Still, this research could be seen as a part of a broader effort to improve the payment system and, one hopes, make it safer for more users. In this way, bitcoiners like to describe bitcoin as “anti-fragile” – the more a system fails and the more it is subject to attacks, the stronger it gets.
The researchers argue the attack is systemic and “eliminating the risk entirely seems to be a complicated task.”
That said, Harris suggests several strategies for solving the problem, or at least ameliorating it if the issue can’t be stomped out entirely. One is increasing the HTLC deadline so it is easier for a user tp counter the attacker via the Bitcoin blockchain in time.
Lightning Network watchtower Teos developer Sergi Delgado told CoinDesk that so-called “anchor outputs,” an in-progress upgrade, could also make the attack much harder.
Anchor outputs would allow users to bump up their transaction fee to get the transaction into the Bitcoin blockchain faster. This step would make it more difficult for the attacker to prevent a counter-transaction from being sent to the blockchain.

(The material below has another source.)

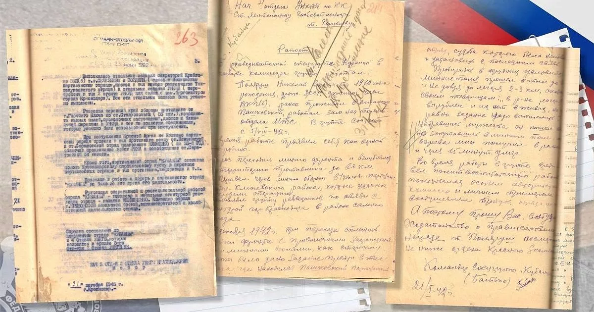 В рассекреченных материалах содержатся рапорт о результатах разведки, донесение командира спецгруппы и справка о ее боевой деятельности. Пятого августа 1942 года Управлением НКВД СССР по Краснодарскому краю для выполнения спецзадач в тылу противника была создана оперативная разведывательная группа «Кубанцы». Она дислоцировалась при фронтовой полосе в хуторе Шевченко близ Горячего Ключа и состояла преимущественно из рабочих и служащих Краснодара.
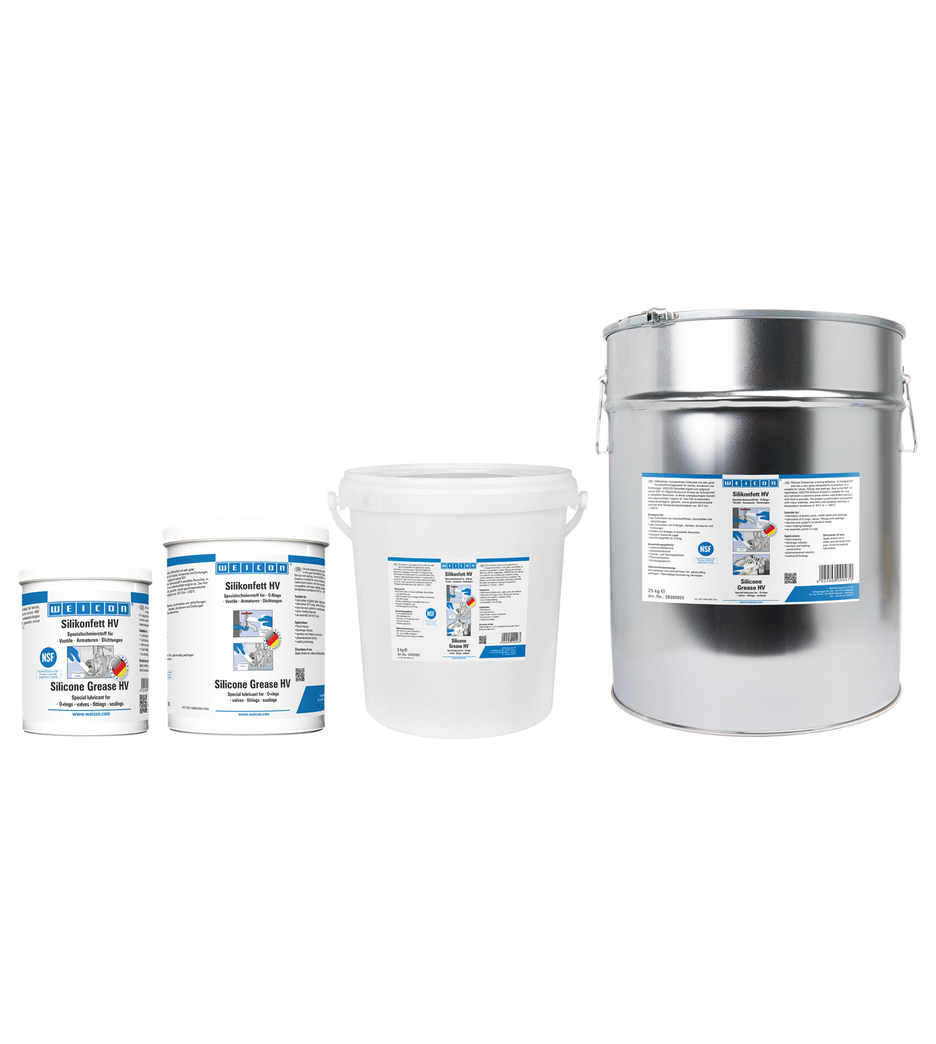 La Graisse Silicone WEICON HV est particulièrement adhérente et a une très bonne compatibilité avec les matières plastiques. En raison de son enregistrement NSF H1, elle convient comme lubrifiant pour les vannes, la robinetterie et les joints dans les domaines sensibles. Il est conforme aux directives KTW de l'Office fédéral de l'environnement pour le contact avec l'eau potable. Elle peut être utilisée dans la technique alimentaire, dans l'industrie des boissons, dans le domaine sanitaire et du chauffage, dans l'industrie pharmaceutique et dans la technique d'étanchéité. La Graisse Silicone WEICON HV a été testée par le BAM et évaluée du point de vue de la sécurité - voir la fiche technique M 034-1 "Liste des matériaux non métalliques pour l'utilisation dans l'oxygène" (DGUV Information 213-075) de la BG RCI. La graisse est particulièrement bien tolérée par les matériaux, inodore et sans goût et résiste à des températures de -50 °C à +200 °C. La Graisse Silicone WEICON HV convient pour la lubrification de pièces en plastique, de pièces et de joints en caoutchouc, pour la lubrification de vannes, de robinets et de joints, pour les appareils et les installations.

“The current, simple version of anchors doesn’t fix it […], but a more mature version should,” Delgado said.
The Lightning Network could significantly improve bitcoin payments by speeding them and scaling Bitcoin as a whole so more people can use the digital currency at once. But many argue the network isn’t ready for prime time. As the network grows, researchers are exploring problems like this one in the hopes that one day they can be fixed.
With these and other potential improvements, Harris thinks there’s hope. But it will take some work. “I believe the Lightning Network is here to stay, but of course more work is required in order to minimize the potential of such threats before [Lightning] could become mainstream. There are ongoing discussions in the community around this and I believe we are on the right track,” Harris said.